This performance led to growth in Credit Hire revenue of 62%, up from £26.3 million in H1 2021 to £42.5 million in H1 2022. Profit before tax in the Credit Hire division rose by 36% to £10.9 million in H1 2022 (H1 2021: £8.0 million). Completed vehicle hires rose by 35% to 5,501 in H1 2022 (H1 2021: 4,081). This increase has been supported by the agreement with MCE Insurance announced on 25 November 2021 as well as by a number of protocols with insurance counterparties.
Legal Services Division
Credit Hire
The Group remains committed to its strategy of increasing its claim settlement capacity, thereby maximising cash collections. The number of senior fee earners employed at the end of H1 2022 rose by 41% to 247 (H1 2021: 175) and the overall number of legal staff rose from 578 in H1 2021 to 633 in H1 2022, an increase of 10%.
This investment has underpinned continued growth in cash collections, which rose 20% in H1 2021 to a total of £67.9 million (H1 2021: £56.7 million). Revenues from the Legal Services division, which strongly converts to cash, increased by 8.1% to £21.4 million in H1 2022 (H1 2021: £19.8 million).
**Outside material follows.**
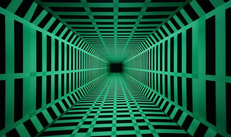Abstract 3D illustration of a tunnel of red and black geometric shapes

Profit before taxation rose from £1.5 million in H1 2021 to £2.5 million in H1 2022, an increase of 67%. The Group expects this revenue trend to continue as more of our staff reach maturity from a cash collection and settlement position.
Housing Disrepair
The Group's Housing Disrepair ("HDR") division continues to show significant growth. The number of ongoing claims currently stands at approximately 2,300 cases. HDR continues to require additional cash funding; this amounted to £0.3 million in the first half year, with profit of £2.4 million (2021 H1: £1.1 million).
Emissions Litigation
The advocacy team continues to act on behalf of a number of individuals in the pursuit of a claim against VW and its subsidiaries (the "VW Emissions case"). The Group announced on 26 May 2022 that it is engaged in approximately 13,000 cases. The Group remains in discussions with VW and its representatives around a possible settlement of these claims.
The Group continues to pursue other emissions cases, particularly in relation to Mercedes Benz. Total expenditure that has been expensed in the H1 2022 is £1.3 million (H1 2021: £0.5 million). The Group currently has approximately 4,000 Mercedes cases.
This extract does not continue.